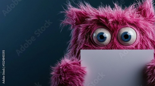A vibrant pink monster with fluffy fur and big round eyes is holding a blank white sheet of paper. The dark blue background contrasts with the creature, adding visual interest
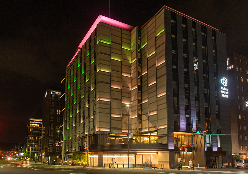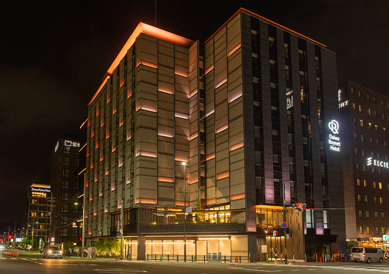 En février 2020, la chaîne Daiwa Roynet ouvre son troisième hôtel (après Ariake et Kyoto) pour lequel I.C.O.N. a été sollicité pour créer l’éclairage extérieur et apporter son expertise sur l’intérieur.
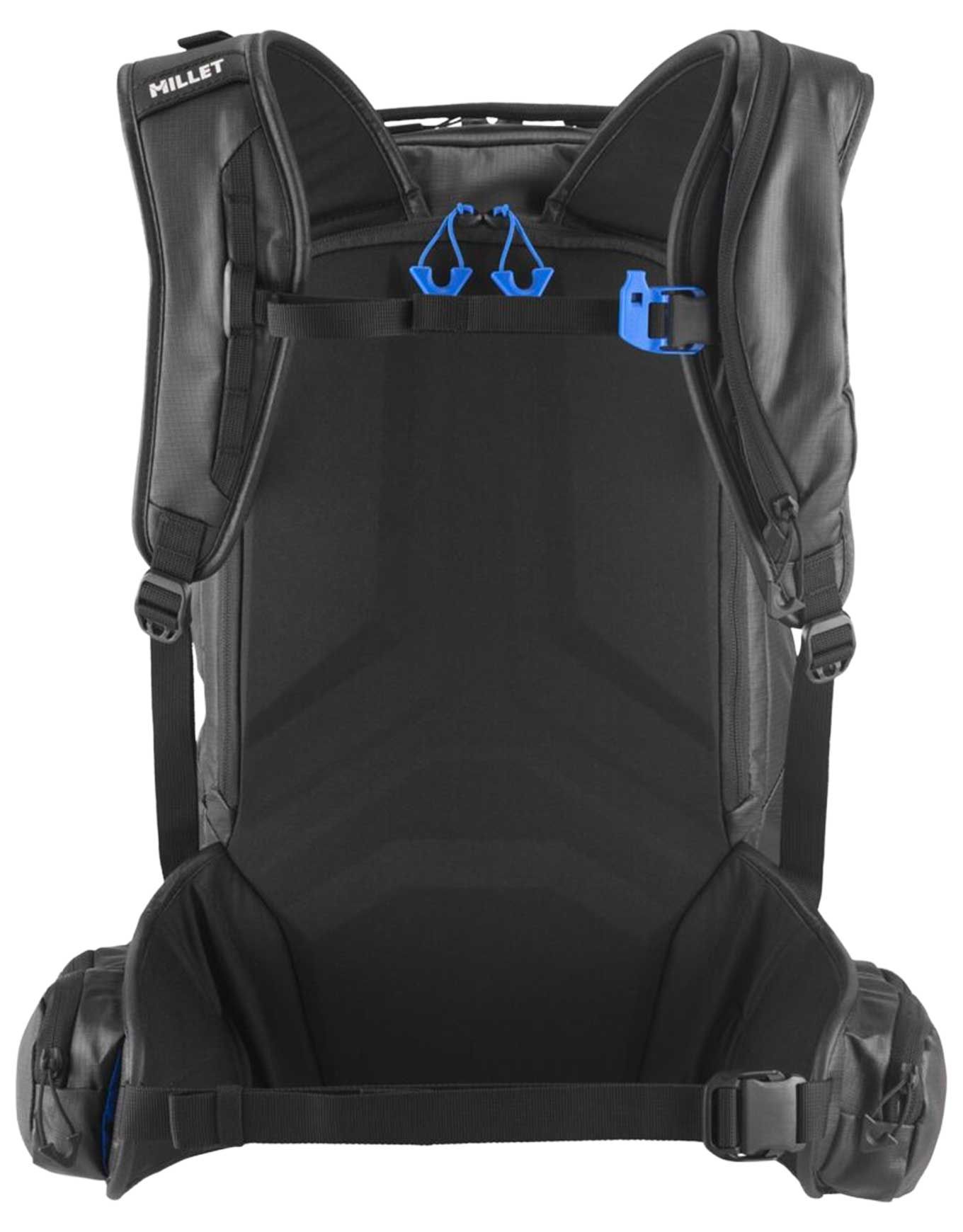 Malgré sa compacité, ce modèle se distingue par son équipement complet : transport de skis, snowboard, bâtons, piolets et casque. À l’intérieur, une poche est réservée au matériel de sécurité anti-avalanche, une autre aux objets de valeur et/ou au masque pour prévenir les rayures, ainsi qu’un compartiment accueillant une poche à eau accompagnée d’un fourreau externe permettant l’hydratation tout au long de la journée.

+ + + +

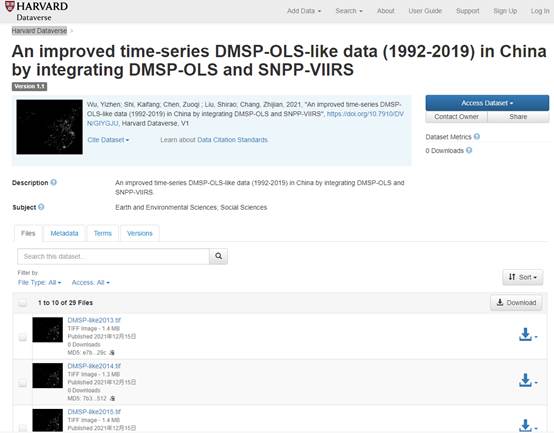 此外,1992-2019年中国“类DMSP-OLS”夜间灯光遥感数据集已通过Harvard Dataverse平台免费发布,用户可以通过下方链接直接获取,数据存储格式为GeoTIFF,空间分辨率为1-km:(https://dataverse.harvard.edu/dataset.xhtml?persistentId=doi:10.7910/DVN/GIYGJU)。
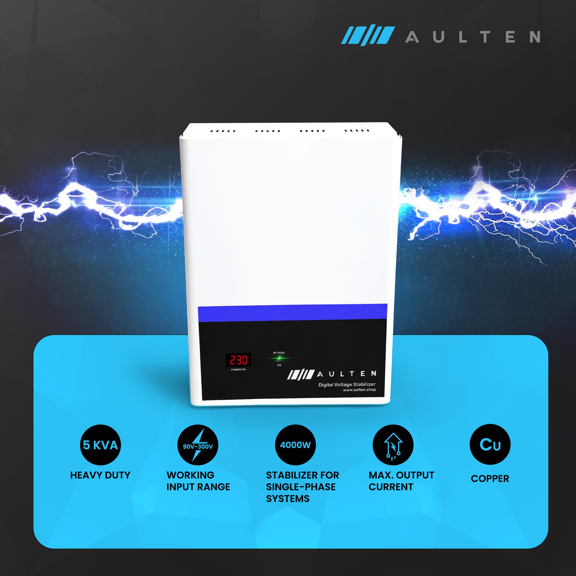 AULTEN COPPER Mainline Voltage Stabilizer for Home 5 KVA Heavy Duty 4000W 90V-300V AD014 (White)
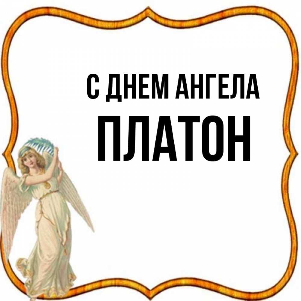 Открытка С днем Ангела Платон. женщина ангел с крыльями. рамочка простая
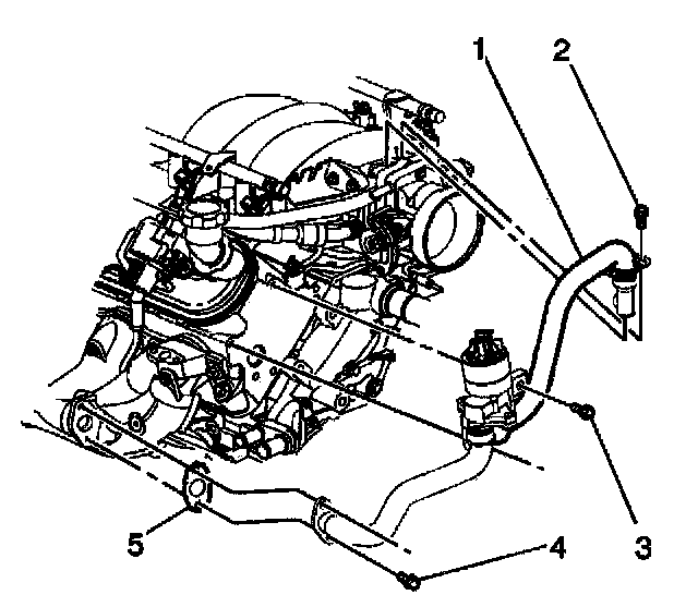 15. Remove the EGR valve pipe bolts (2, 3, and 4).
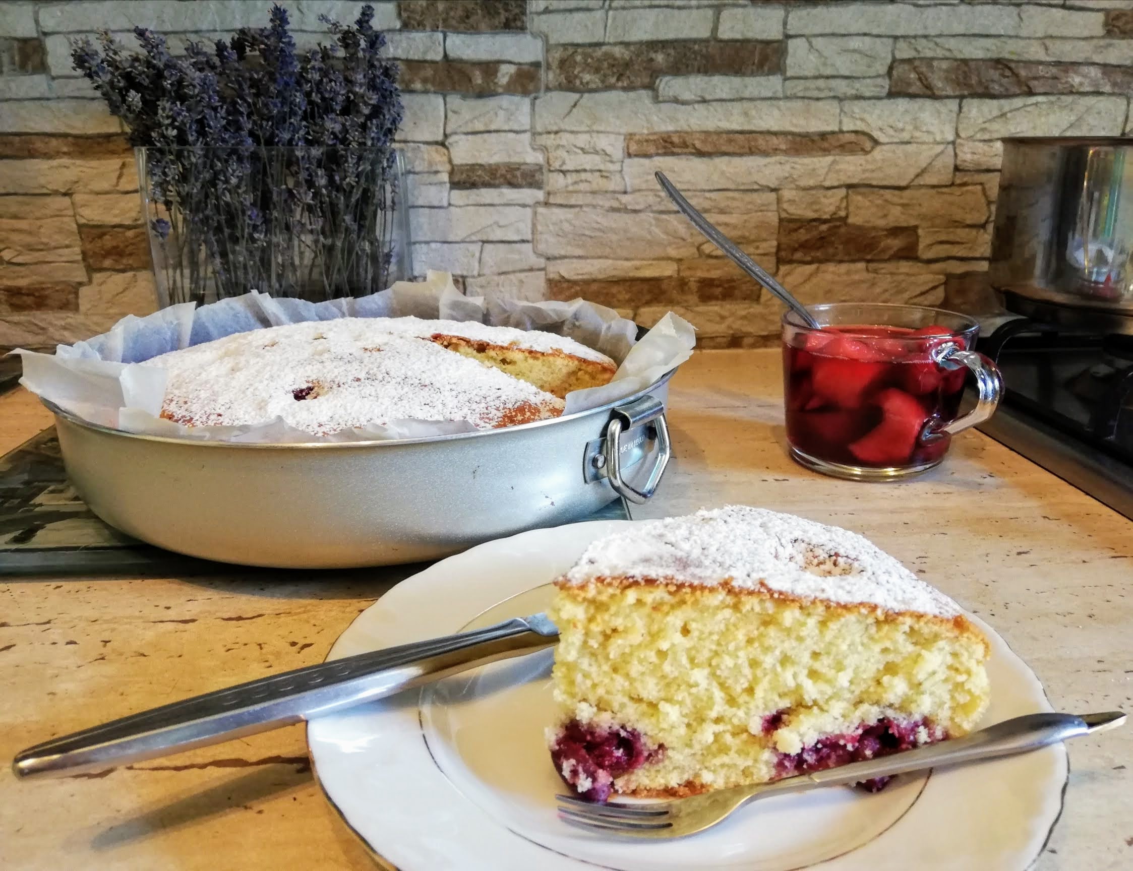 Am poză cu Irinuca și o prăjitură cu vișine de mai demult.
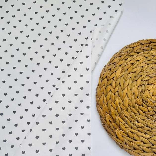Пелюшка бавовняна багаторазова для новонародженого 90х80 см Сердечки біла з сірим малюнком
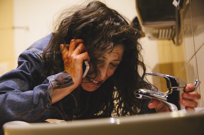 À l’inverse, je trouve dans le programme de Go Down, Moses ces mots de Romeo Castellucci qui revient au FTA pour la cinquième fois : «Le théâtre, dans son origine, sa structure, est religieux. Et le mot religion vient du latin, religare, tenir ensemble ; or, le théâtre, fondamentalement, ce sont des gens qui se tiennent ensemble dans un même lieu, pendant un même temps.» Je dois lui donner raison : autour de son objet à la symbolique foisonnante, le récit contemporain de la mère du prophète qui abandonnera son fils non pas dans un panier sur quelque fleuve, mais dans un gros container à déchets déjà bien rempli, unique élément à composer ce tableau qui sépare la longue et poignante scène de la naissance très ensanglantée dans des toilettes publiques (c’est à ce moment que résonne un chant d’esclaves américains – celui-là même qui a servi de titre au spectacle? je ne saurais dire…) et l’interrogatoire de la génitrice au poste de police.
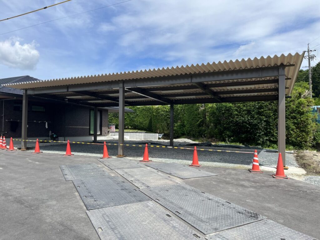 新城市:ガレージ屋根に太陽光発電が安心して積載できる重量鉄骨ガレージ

+ + + +

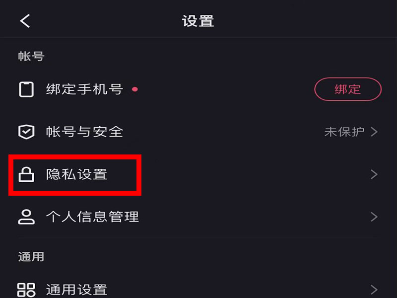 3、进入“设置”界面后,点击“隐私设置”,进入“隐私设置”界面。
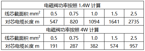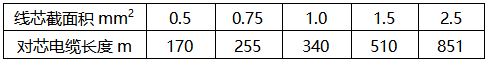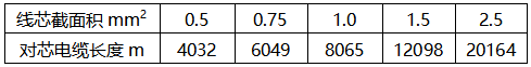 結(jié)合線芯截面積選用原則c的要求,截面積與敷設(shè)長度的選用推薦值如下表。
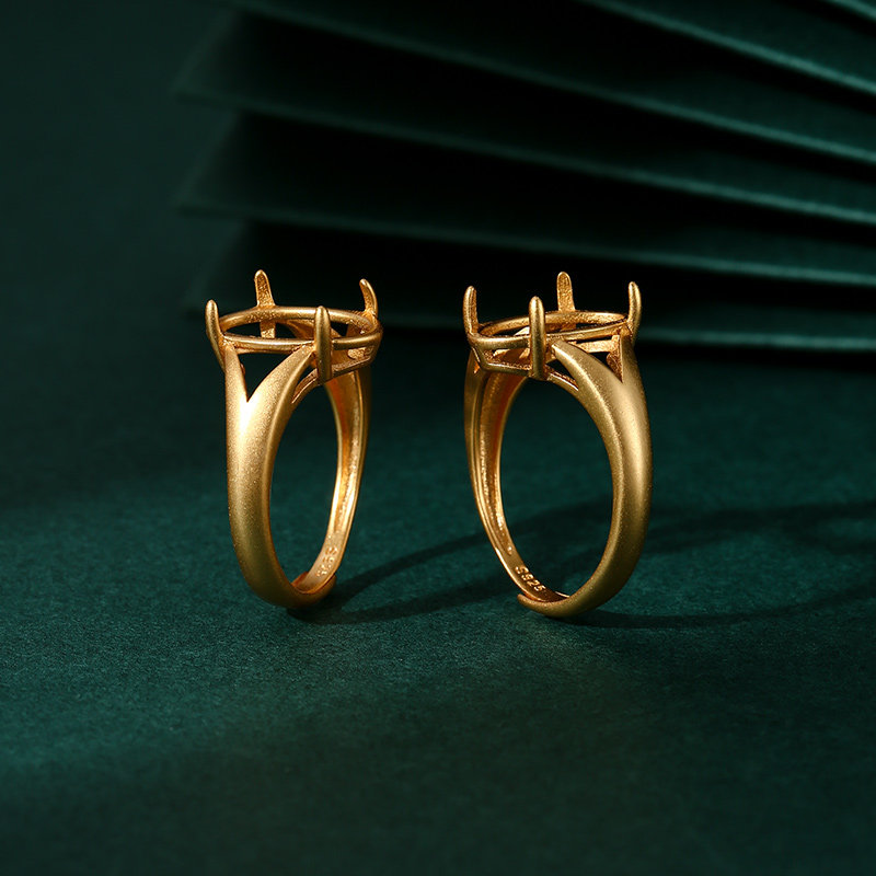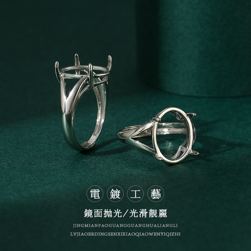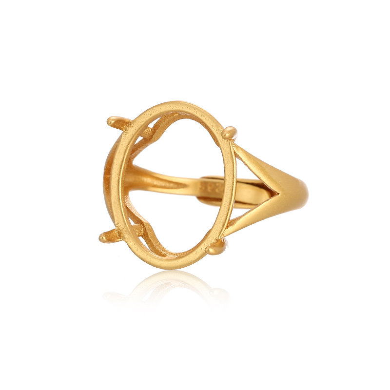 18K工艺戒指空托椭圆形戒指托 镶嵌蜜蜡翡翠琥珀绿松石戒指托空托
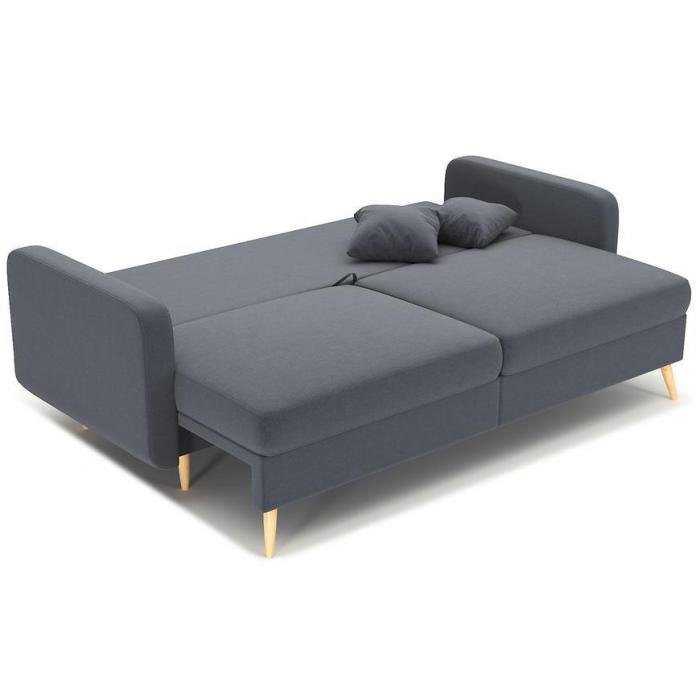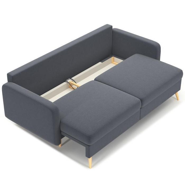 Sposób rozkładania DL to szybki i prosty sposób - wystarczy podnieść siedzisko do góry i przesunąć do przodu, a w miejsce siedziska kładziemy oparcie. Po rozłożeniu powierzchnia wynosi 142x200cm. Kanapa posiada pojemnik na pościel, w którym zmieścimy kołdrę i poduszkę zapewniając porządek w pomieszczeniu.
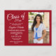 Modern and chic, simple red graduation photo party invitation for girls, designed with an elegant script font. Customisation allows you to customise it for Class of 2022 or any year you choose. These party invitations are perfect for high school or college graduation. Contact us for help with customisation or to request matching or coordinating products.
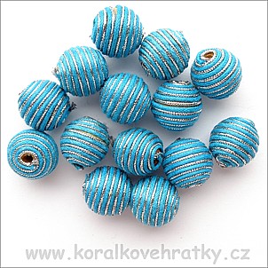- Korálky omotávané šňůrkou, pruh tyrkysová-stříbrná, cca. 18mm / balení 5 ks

+ + + +

◆ YOUR TASK
Print, exactly and with no pictures, the lines of the listing above starting at the one that has "結(jié)合線芯截面積選用" and ending at the one that has "Sposób rozkładania DL", both included.

◆ THE COMPLETED TASK
 結(jié)合線芯截面積選用原則c的要求,截面積與敷設(shè)長度的選用推薦值如下表。
 18K工艺戒指空托椭圆形戒指托 镶嵌蜜蜡翡翠琥珀绿松石戒指托空托
 Sposób rozkładania DL to szybki i prosty sposób - wystarczy podnieść siedzisko do góry i przesunąć do przodu, a w miejsce siedziska kładziemy oparcie. Po rozłożeniu powierzchnia wynosi 142x200cm. Kanapa posiada pojemnik na pościel, w którym zmieścimy kołdrę i poduszkę zapewniając porządek w pomieszczeniu.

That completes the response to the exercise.